Feb 4, 2013 Issues: Space and Science

NASA's most important mission is exploring the solar system. Near-term human exploration missions are possible, and they should start soon. Yet our current plan seems to be waiting a decade or more developing the perfect launch vehicle while we delay work on a deep-space habitat and lunar lander.

In the 40 years since the last Apollo crew visited the moon, we have developed new technology, and learned how to live and operate in space, but we are no longer willing to take the necessary risks to achieve great accomplishments.

NASA should focus on its core and unique missions by divesting itself of anything that can reasonably be placed in another agency. For example, the Earth science programs, more than 10 percent of NASA's annual budget, can find more appropriate homes elsewhere.

NASA is pursuing nearly a dozen technology "priorities" with only enough funding to support three appropriately. We should prioritize technologies that give us the biggest bang for our buck, including solar-electric propulsion and cryogenic propellant storage and transfer. The systems that follow from these technologies, such as in-space refueling depots, can truly revolutionize how we operate in space, leading to widespread human settlement of the space frontier.

NASA must pursue the difficult endeavor of cutting-edge science, but the agency must properly define its needs. The James Webb Space Telescope provides a clear example — NASA seemed unprepared for its difficulties, and repeatedly surprised that it would take additional time and funding to accomplish the mission.

I have never seen NASA accomplish a large mission on budget and on schedule. NASA should work on these projects, but it needs better cost estimates, and better program management.
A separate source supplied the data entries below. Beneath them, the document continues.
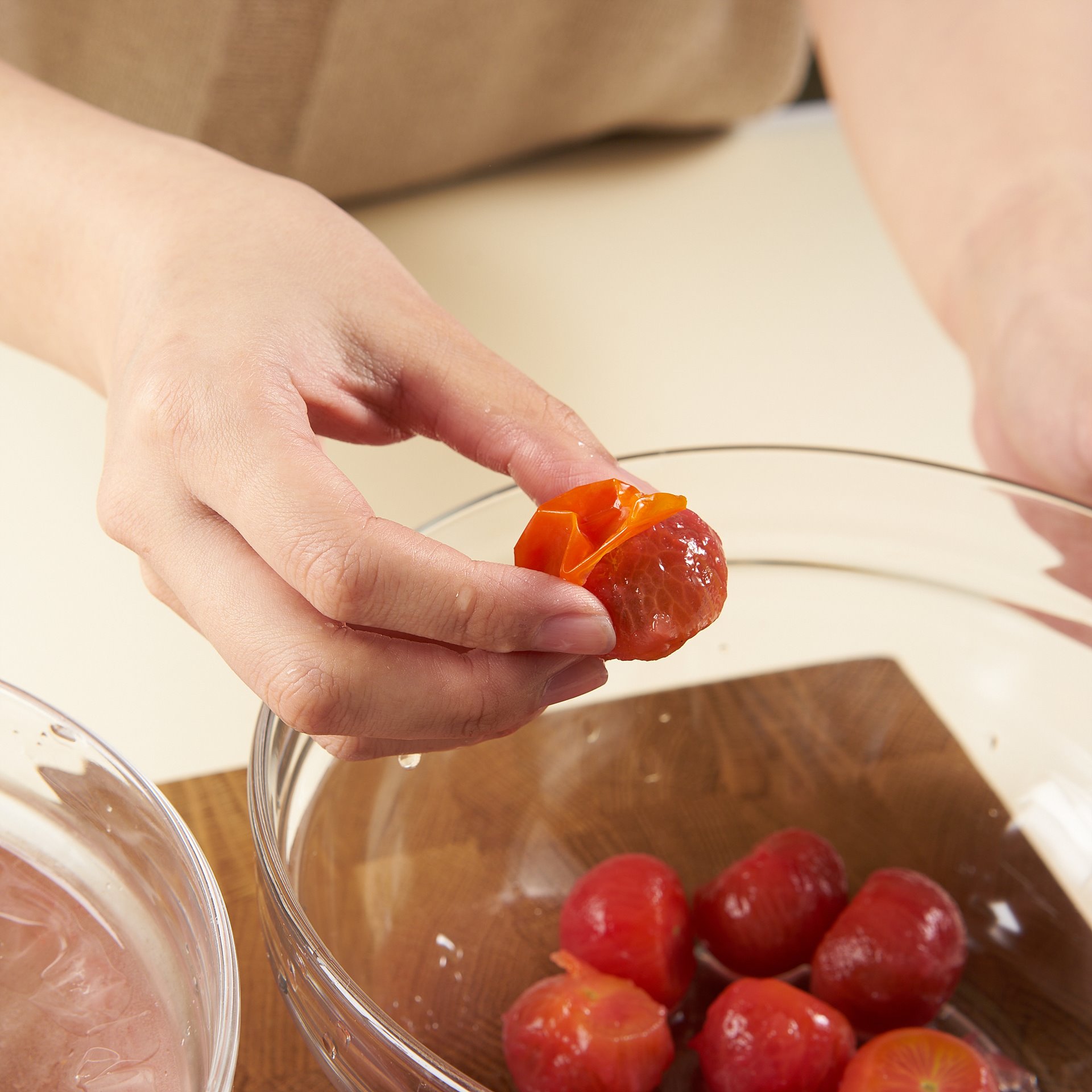 토마토는 밑동 부분에 칼집을 내거나 꼭지부분의 0.1cm 정도를 칼로 잘라 준 후, 끓는 물에 30초 정도 데쳐주세요.
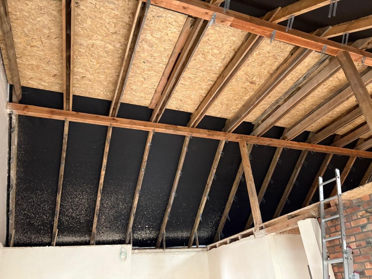Pianka PUR o otwartych komórkach działa jak dźwiękochłonna gąbka. Pochłania fale akustyczne i tłumi pogłos. Dzięki temu na poddaszu wyraźnie ciszej słychać wiatr, deszcz czy ruch uliczny. Jednolity natrysk bez szczelin eliminuje mostki akustyczne. To właśnie one przy tradycyjnych materiałach zachowują się jak kanały rezonansowe i „pompują” hałas do wnętrza. Pianka dodatkowo odsprzęga pokrycie dachowe od konstrukcji. Stukot gradu czy gałęzi nie przenosi się w postaci uciążliwych drgań na skosy. W efekcie pomieszczenia pod dachem zyskują lepszą akustykę zarówno zewnętrzną, jak i wewnętrzną. Rozmowy czy muzyka brzmią czyściej bez nieprzyjemnego echa.
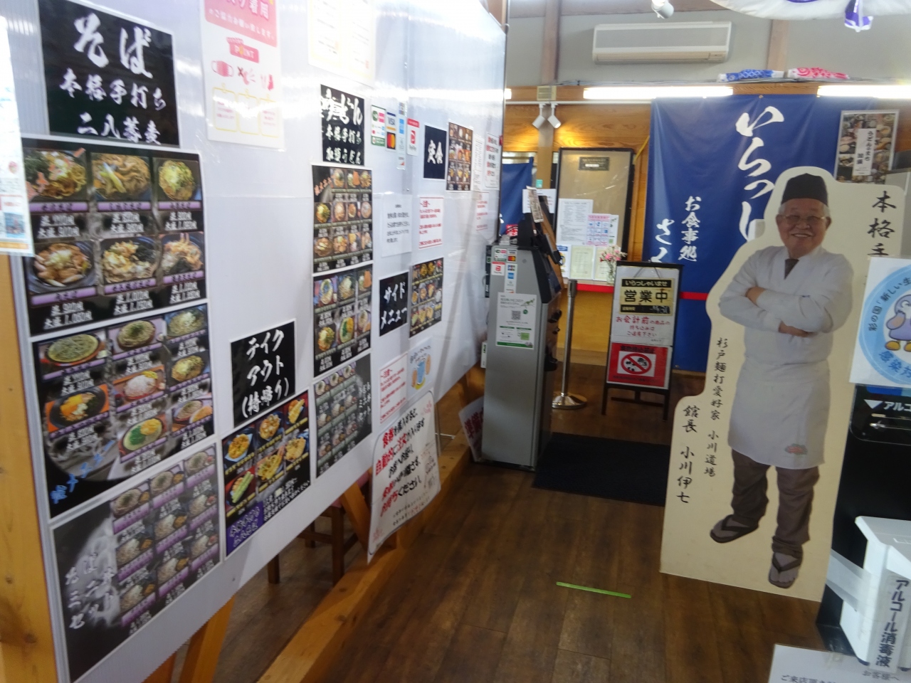 喜多方の市街地の北の方、駅からは2.5kmぐらい離れたところにあります。広い駐車場がありますが、お昼時に行ったのでほぼ満車でした。

NASA should lead an international cooperative effort to protect our people and our assets by clearing away space debris. NASA also needs to assume the critical role of deflecting near-Earth objects, which pose a fundamental threat to life and property on the Earth. This is the only preventable natural disaster, and it is worth the cost to provide an insurance policy against potential planetary destruction.

In keeping with one of the long-standing functions of NASA, the agency should use commercially provided space services and hardware. In other words, NASA should not design and build something, such as crew and cargo transportation to low Earth orbit, if it reasonably believes it can buy it from an American commercial entity.
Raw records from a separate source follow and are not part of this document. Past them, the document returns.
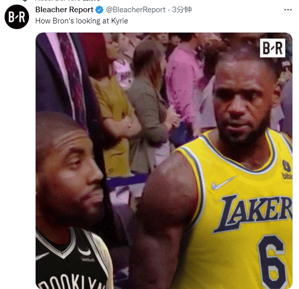 湖人曾以威少为主体交易筹码,向篮网报价欧文,结果惨遭拒绝;湖人有意欧文,无奈他们的筹码打不动篮网;很明显,欧文也不想放弃3000多万美元,最终他选择留在篮网,继续联手杜兰特;对此美媒《露天看台》晒图调侃詹姆斯怒视欧文。
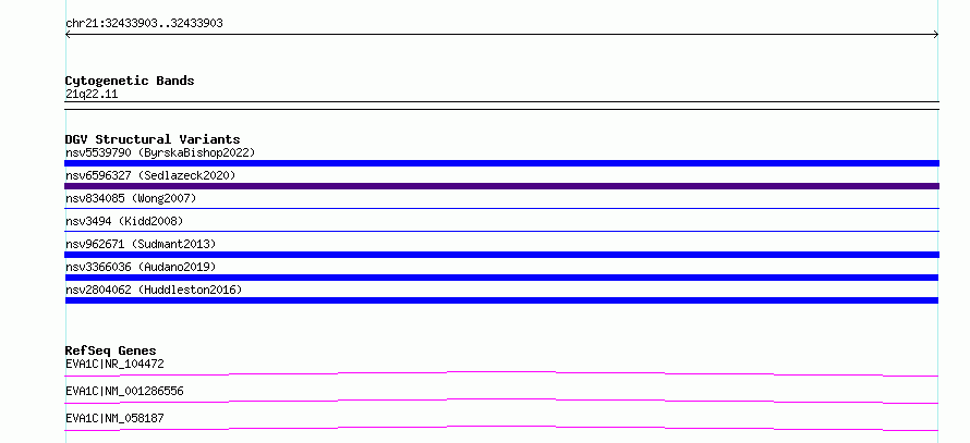 Variant DetailsVariant: nsv3366036 | Internal ID | 19797014 | | Landmark | | | Location Information | | | Cytoband | 21q22.11 | | Allele length | | Assembly | Allele length | | hg38 | 140 | | hg19 | 140 |
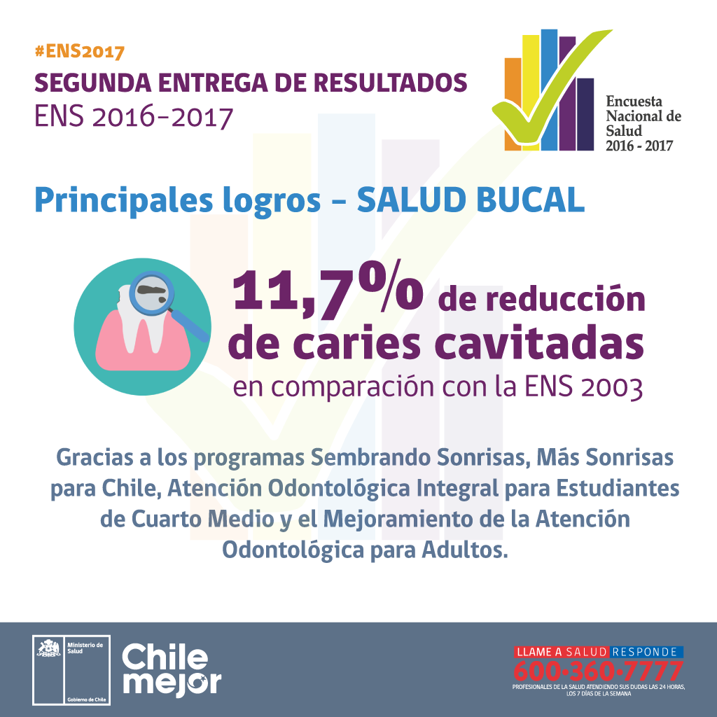 Y respecto de la salud bucal de las mujeres, que ha sido una prioridad sanitaria, es posible constatar que hoy presentan una dentición más funcional y una disminución progresiva de las caries cavitadas respecto de la ENS anterior.
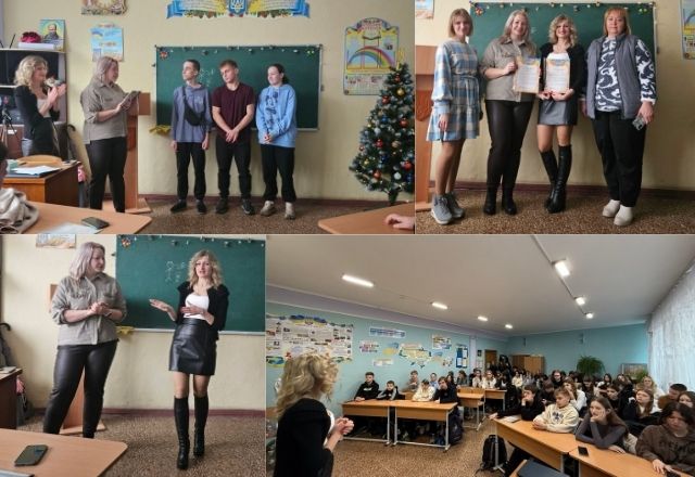 Світлана Авраменко та Анна Мельник детально зупинилися на темі вступної кампанії 2025 року, пояснили основні вимоги, серед яких необхідно набрати не менше 150 балів на національному мультипредметному тесті. Викладачки також надали поради щодо підготовки до вступу, закликали учнів серйозно поставитися до цього етапу та раціонально планувати свій час.

Unfortunately, NASA is pursuing NASA-built cryogenic technology, instead of leveraging the expertise and capabilities at Boeing, Lockheed Martin, Ball Aerospace, and other well-respected aerospace companies that are well positioned and have great expertise on this technology.
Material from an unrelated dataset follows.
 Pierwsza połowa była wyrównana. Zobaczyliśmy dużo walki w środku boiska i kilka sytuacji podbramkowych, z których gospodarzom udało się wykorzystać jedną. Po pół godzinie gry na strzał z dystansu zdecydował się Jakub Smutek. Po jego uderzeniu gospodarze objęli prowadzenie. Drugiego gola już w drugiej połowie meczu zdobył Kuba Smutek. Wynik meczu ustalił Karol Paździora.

When President Kennedy announced the moon mission, the entire program was based upon technologies that did not yet exist. Now NASA is incapable and unwilling to include technologies that have not yet been proved in space. NASA has lost its edge.

We will never re-create Apollo, the product of many complex variables, but the truth is we don't really want to re-create Apollo. This time we want to colonize the solar system, building settlements on the moon, in deep space, and on Mars.

We can create this future if we understand what the data tell us, and have the courage to act on them. Unfortunately, fundamental misunderstandings of our capabilities, as well as the usual political and parochial interests, have gotten in the way.

In 1893 Frederick Jackson Turner announced that the Western frontier, which defined the American experience and character, had been closed. In the 1960s, through the moon program, America rediscovered the power of the frontier, but only for a decade. Do we have the courage to find it once more?

U.S. Rep. Dana Rohrabacher, R-Calif., is the vice chairman of the House Committee on Science, Space and Technology.